A l’heure où on commémore la Première Guerre Mondiale, je me suis penchée sur les survivants et héritiers de la Seconde.
– 2e génération (ce que je n’ai pas dit à mon père), Michael Kichka, BD aux éditions Dargaud.

J’ai commencé avec cette bande dessinée autobiographique d’un fils de déporté juif, mettant plus l’accent sur le poids que ce père a fait porter à ses enfants. Un jour où Michael, enfant, est renversé par une voiture et blessé, son père le rejoint en disant « Qu’est-ce que tu m’as fait? », ramenant le drame à lui. Chose qu’il fait systématiquement, dans le reste du récit, quand ses enfants tentent d’avoir une vie de leur côté.
Une vie… ou une mort : un jour, le frère de Michael se suicide. A la veillée, au lieu d’évoquer le souvenir de ce fils disparu, le père se met soudain à raconter ce qu’il n’avait qu’effleuré jusque là, son expérience dans les camps. Si un psy expliquera ça en disant que ce décès a réveillé en lui des souvenirs dont il a alors voulu se délivrer en les racontant, pour Michael (et moi-même par son regard), cela apparaît comme une ultime négation de ses enfants qui apparaissent comme négligeables par rapport à sa vie à lui.

On trouvait un conflit similaire dans un grand classique, le Maus de Art Spiegelman (publié en France chez Flammarion). Là, c’est l’auteur qui a incité son propre père raconter le ghetto et Auschwitz, pour la mémoire, pour le comprendre et élucider peut-être le suicide de sa mère alors qu’il était adolescent. Son père et sa mère s’étaient connus avant la guerre, et ont réussi tous deux à survivre aux camps et à se retrouver.
Il aborde néanmoins une difficulté inattendue de l’exercice avec un interlocuteur : son père est radin et raciste à l’extrême. Il conserve le moindre clou et va dans les hôtels voisins piquer des pochettes d’allumettes pour éviter d’en payer, mais jette sans lui dire le manteau de son fils adulte qu’il juge trop élimé, l’obligeant à porter à la place une de ses vieilles vestes démodées. Le narrateur a peur de conforter les clichés négatifs sur les juifs en le dépeignant ainsi. Sa femme, goy, imputerait volontiers son avarice aux privations qu’il a subies durant la guerre, mais d’après l’auteur, tous les voisins sont des survivants de la Shoah, et seul son père se comporte ainsi. On serait donc plutôt dans le cas d’un individu dont les épreuves ont peut-être renforcé les travers, mais n’en sont pas responsables.

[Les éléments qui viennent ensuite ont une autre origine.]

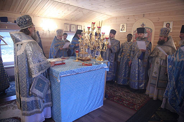 Его Высокопреосвященству сослужили: секретарь митрополита Екатеринбургского и Верхотурского иеромонах Кирилл (Корытко); благочинный монастырей Екатеринбургской епархии, наместник мужского монастыря Святых Царственных страстотерпцев архимандрит Пимен (Адарченко); благочинный Красноуфимского района, настоятель храма в честь Святого благоверного князя Александра Невского г. Красноуфимска протоиерей Андрей Иванков; настоятель храма во имя Святой Троицы г. Красноуфимска протоиерей Андрей Рыжаков; настоятель храма в честь Святого преподобного Иннокентия Вологодского г. Красноуфимска иерей Вячеслав Курочкин; клирик Боголюбского монастыря иерей Александр Дягилев; клирик Иоанно-Предтеченского архиерейского подворья г. Екатеринбурга иерей Павел Кононенко.

Constat que je me suis fait également pour 2e génération, parce que le comportement consistant à tout ramener à soi et à ses propres souffrances, au mépris de celles des autres, je l’ai observé chez des gens qui n’avaient rien vécu de comparable aux persécutions nazies. J’ai donc du mal à percevoir le cas du père de Michael Kichka comme uniquement la conséquence de la guerre, même s’il est indéniable qu’un tel traumatisme n’a rien dû arranger. Le statut de victime de leur père rend surtout plus difficile à ses enfants, comme Michael et ses frères et soeurs, de régler leurs comptes d’adulte avec lui (tuer le père comme on dit).
Le narrateur de Maus s’en est mieux tiré, en dépit du suicide de sa mère, peut-être grâce à son entreprise de faire raconter l’horreur à son père. Une façon d’exposer une fois pour toutes l’éléphant dans la pièce, de reconnaître à son père son vécu tout en se faisant sa place d’adulte (et de dessinateur de BD, statut source de discorde) à ses yeux.